The ESS is composed of batteries based on LFP technology, as this chemistry is particularly suited for storage system applications [39]. The number of parallel strings is again determined by the co-design optimization framework. Each parallel string consists of 125 battery cells with a capacity of 20 Ah, that are connected in series to reach a nominal voltage of 400 V. The SoC of the ESS is constrained between 20% and 90%. Typically, LFP batteries have an expected lifetime of 5000 full equivalent cycles, but for RES integration, 10,000 cycles are easily attainable if a charge and discharge rate of 0.5C is applied [40]. With 1–2 full cycles per day on average, the ESS can reach a lifetime of 13 years.
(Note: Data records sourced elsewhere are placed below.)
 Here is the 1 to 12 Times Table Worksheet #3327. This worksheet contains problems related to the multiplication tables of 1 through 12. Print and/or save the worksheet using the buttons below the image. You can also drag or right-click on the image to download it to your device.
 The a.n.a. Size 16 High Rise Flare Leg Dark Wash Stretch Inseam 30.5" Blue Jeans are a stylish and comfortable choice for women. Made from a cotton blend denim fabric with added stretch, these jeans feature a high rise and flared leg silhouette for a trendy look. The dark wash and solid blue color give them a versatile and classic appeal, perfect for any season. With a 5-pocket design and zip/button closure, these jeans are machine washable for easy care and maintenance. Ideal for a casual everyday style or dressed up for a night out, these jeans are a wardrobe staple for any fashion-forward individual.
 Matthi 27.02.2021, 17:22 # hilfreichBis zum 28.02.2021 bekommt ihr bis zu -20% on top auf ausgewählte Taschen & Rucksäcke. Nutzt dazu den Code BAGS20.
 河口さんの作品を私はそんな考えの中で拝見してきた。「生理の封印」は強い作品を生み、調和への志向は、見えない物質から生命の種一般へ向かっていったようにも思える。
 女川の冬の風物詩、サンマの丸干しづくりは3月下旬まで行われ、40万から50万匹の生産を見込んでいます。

The accompanying bidirectional DC/DC converter has modules of 100 kW each with an estimated lifetime of 18 years [38].

The grid inverter consists of modules with a power rating of 300 kW with an estimated lifespan of 20 years [41]. The transformer has modular units of 1000 kVA and a lifetime of 25 years. The total power rating of the grid is linked to the amount of charging points in the depot and the optimal size of the ESS.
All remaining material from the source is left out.